Ely John W, Levy Barcey T, Daly Jeanette, Xu Yinghui
Department of Family Medicine, Joy J. and Lucille A. Carver College of Medicine, University of Iowa, Iowa City, IA, USA.
Department of Epidemiology, College of Public Health, University of Iowa, Iowa City, IA, USA.
J Cancer Educ. 2016 Mar;31(1):39-46. doi: 10.1007/s13187-015-0792-5.

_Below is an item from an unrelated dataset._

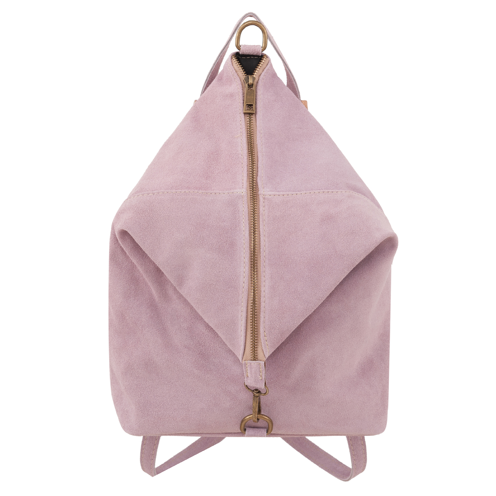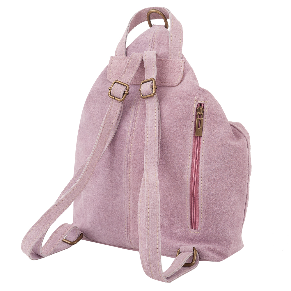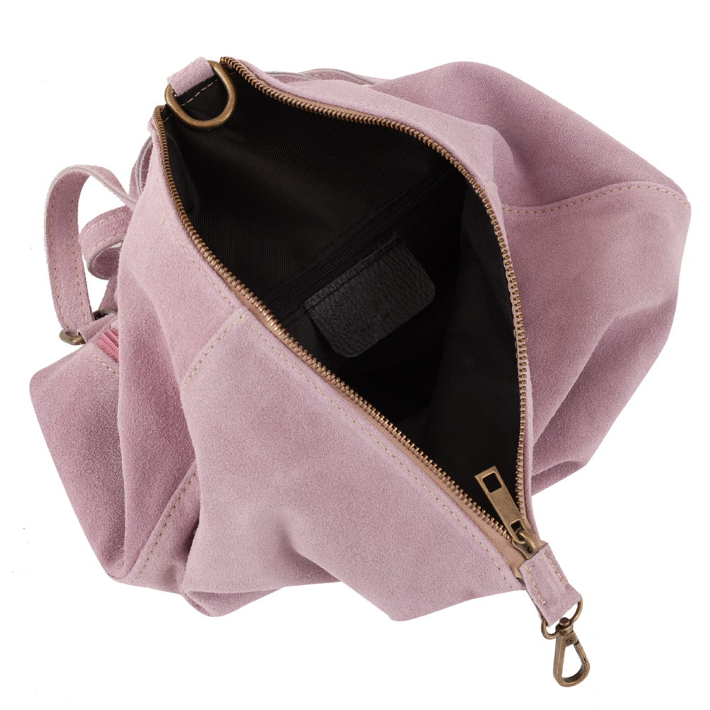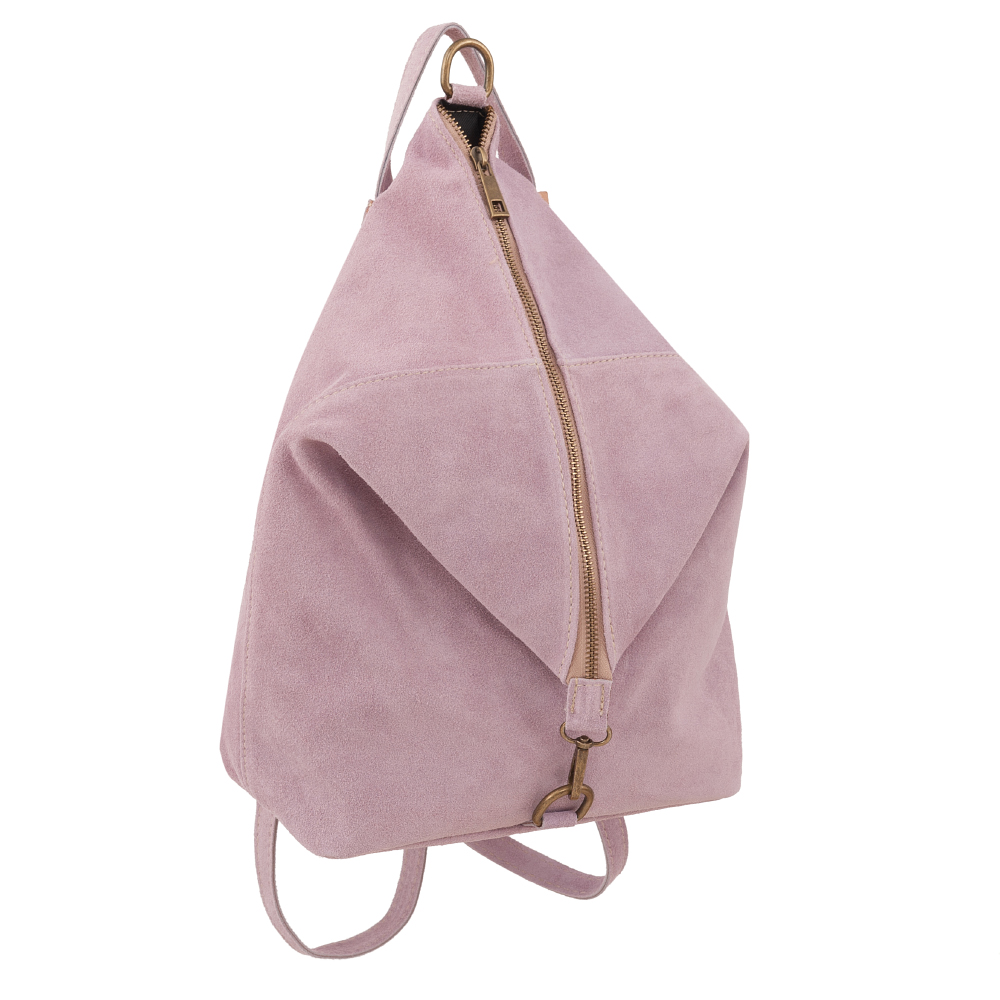 Vera Pelle Włoska skórzana torebka plecak wykonana w 100% z naturalnej miękkiej skóry zamszowej. Zamykana na zamek. Plecak jednokomorowy, wewnątrz jedna kieszonka na zamek, jedna na telefon. Dodatkowo z tyłu kieszonka na zamek. Wnętrze wykończone trwałą, materiałową czarną podszewką. Uszy regulowane na długość 46 - 92 cm, możliwość noszenia plecaka w ręce. Metalowe elementy w kolorze złotym.

Only about half of eligible individuals undergo colon cancer screening. We have limited knowledge about the patient beliefs that adversely affect screening decisions and about which beliefs might be amenable to change through education. As part of a clinical trial, 641 rural Iowans, aged 52 to 79 years, reported their beliefs about colon cancer screening in response to a mailed questionnaire. Consenting subjects were randomized into four groups, which were distinguished by four levels of increasingly intensive efforts to promote screening. Two of the groups received mailed educational materials and completed a follow-up questionnaire, which allowed us to determine whether their beliefs about screening changed following the education. We also completed a factor analysis to identify underlying (latent) factors that might explain the responses to 33 questions about readiness, attitudes, and perceived barriers related to colon cancer screening. The strongest predictors of a patient's stated readiness to be screened were a physician's recommendation to be screened (1 point difference on 10-point Likert scale, 95 % confidence interval [CI], 0.5 to 1.6 point difference), a family history of colon cancer (0.85-point Likert scale difference, 95 % CI, 0.1 to 1.6), and a belief that health-care decisions should be mostly left to physicians rather than patients (Spearman correlation coefficient 0.21, P < .001). Of the 33 questionnaire items about screening beliefs, 11 (33 %) changed favorably following the educational intervention. In the factor analysis, the 33 items were reduced to 8 underlying factors, such as being too busy to undergo screening and worries about screening procedures. We found a limited number of underlying factors that may help explain patient resistance to colon cancer screening.
只有约一半符合条件的个体接受结肠癌筛查。我们对那些不利于筛查决策的患者信念,以及哪些信念可能通过教育得以改变的了解有限。作为一项临床试验的一部分,641名年龄在52至79岁之间的爱荷华州农村居民,通过邮寄问卷报告了他们对结肠癌筛查的信念。同意参与的受试者被随机分为四组,这四组的区别在于促进筛查的努力程度逐渐增强的四个水平。其中两组收到了邮寄的教育材料并完成了一份后续问卷,这使我们能够确定他们对筛查的信念在接受教育后是否发生了变化。我们还进行了因子分析,以识别可能解释对33个关于结肠癌筛查的准备情况、态度和感知障碍问题的回答的潜在因素。患者表示愿意接受筛查的最强预测因素是医生的筛查建议(在10分制李克特量表上相差1分,95%置信区间[CI],相差0.5至1.6分)、结肠癌家族史(李克特量表相差0.85分,95%CI,相差0.1至1.6分),以及认为医疗保健决策应主要由医生而非患者做出(斯皮尔曼相关系数0.21,P <.001)。在33个关于筛查信念的问卷项目中,11个(33%)在教育干预后有了积极变化。在因子分析中,这33个项目被缩减为8个潜在因素,如太忙而无法接受筛查以及对筛查程序的担忧。我们发现了数量有限的潜在因素,可能有助于解释患者对结肠癌筛查的抵触情绪。